Nevertheless, when I asked Scarpari whether Brazilian male consumers were ready for his innovative concepts, he didn’t see Brazil as being a priority for his immediate future: “At the moment, I see my fashion career progressing in Europe. Once that is achieved, I may explore the menswear market in Brazil as I think there is a growing number of Brazilian men interested in fashion as a manifestation of individual style. But for now, my life and my future is definitely in Italy.”

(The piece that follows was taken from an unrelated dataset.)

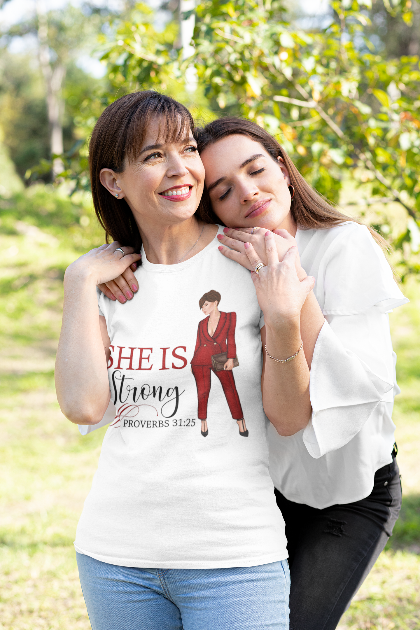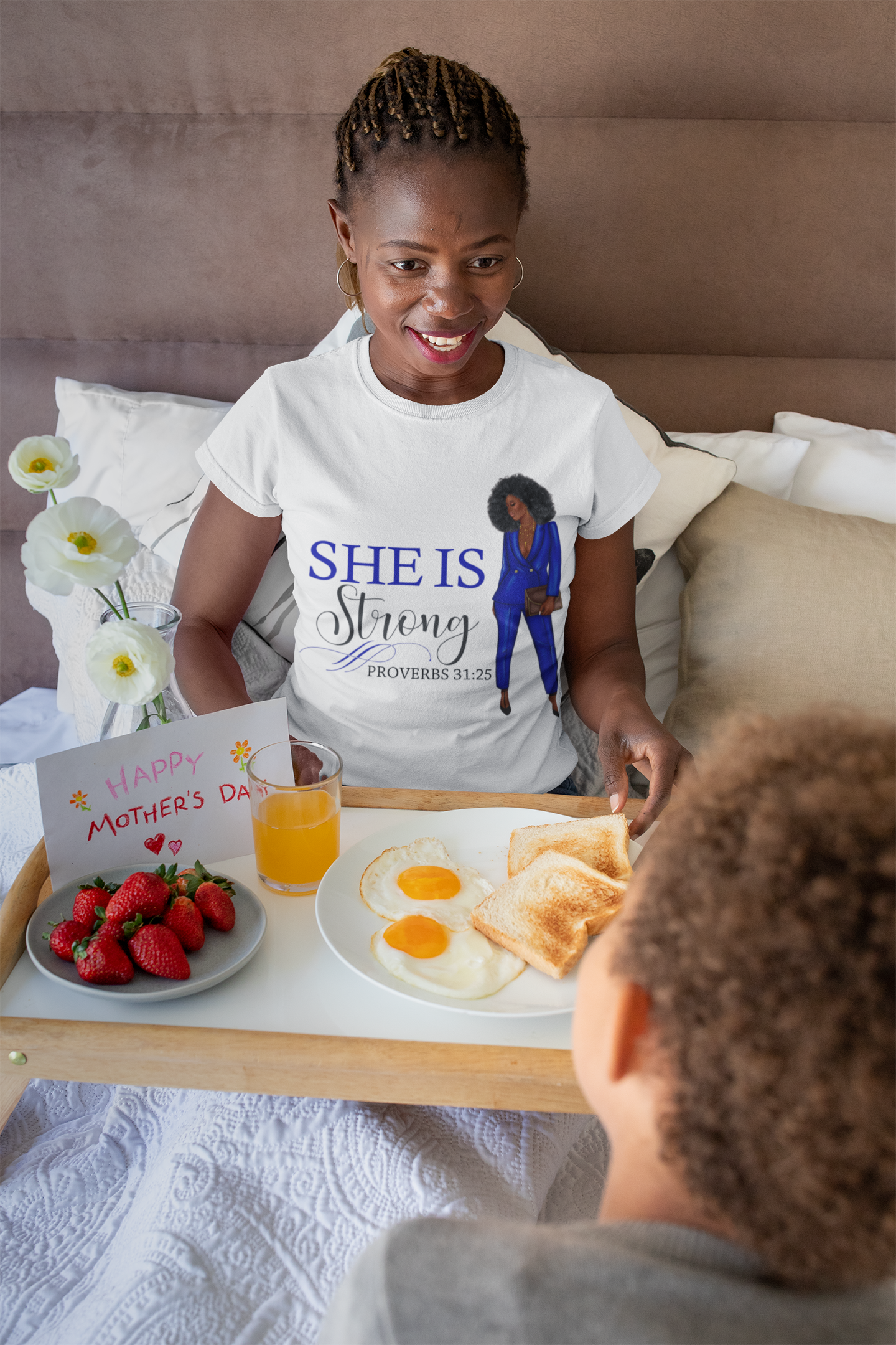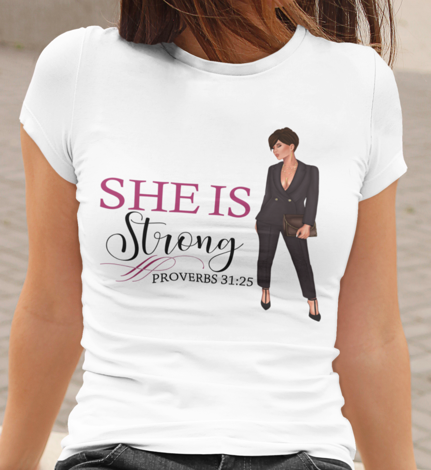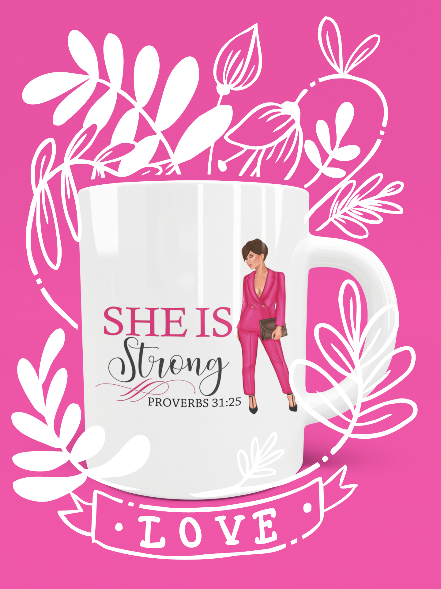 $50 "She is Strong"Caucasian/Latino Bob hairstyle designed bundle consists of a T-shirt w/design, 1 coffee mug and 1 coaster all with the same design.

As Diego Vanassibara and Jonathan Scarpari join a Brazilian generation that includes Lucas NascimentoBarbara Casasola and Pedro Lourenço in a sartorial diaspora towards Europe, Brazil should start answering questions that go beyond the easy answers of football, beach and samba. The country may have some of the most beautiful landscapes, wealthy natural resources, and one of the most interesting art and architecture scene of the last century. However, welcoming the attention of the world to its shores for these reasons alone is not enough. Now, more than ever, it is the time for Brazilian fashion critics, buyers, manufacturers and investors to join forces and travel abroad together as joint delegations of style to show to the world the creative potential that the country has to offer. And that pride in how national menswear designers are cherished abroad may be just what Brazilian men back at home need in order to learn how to appreciate social differences, individual styles and the value of creativity.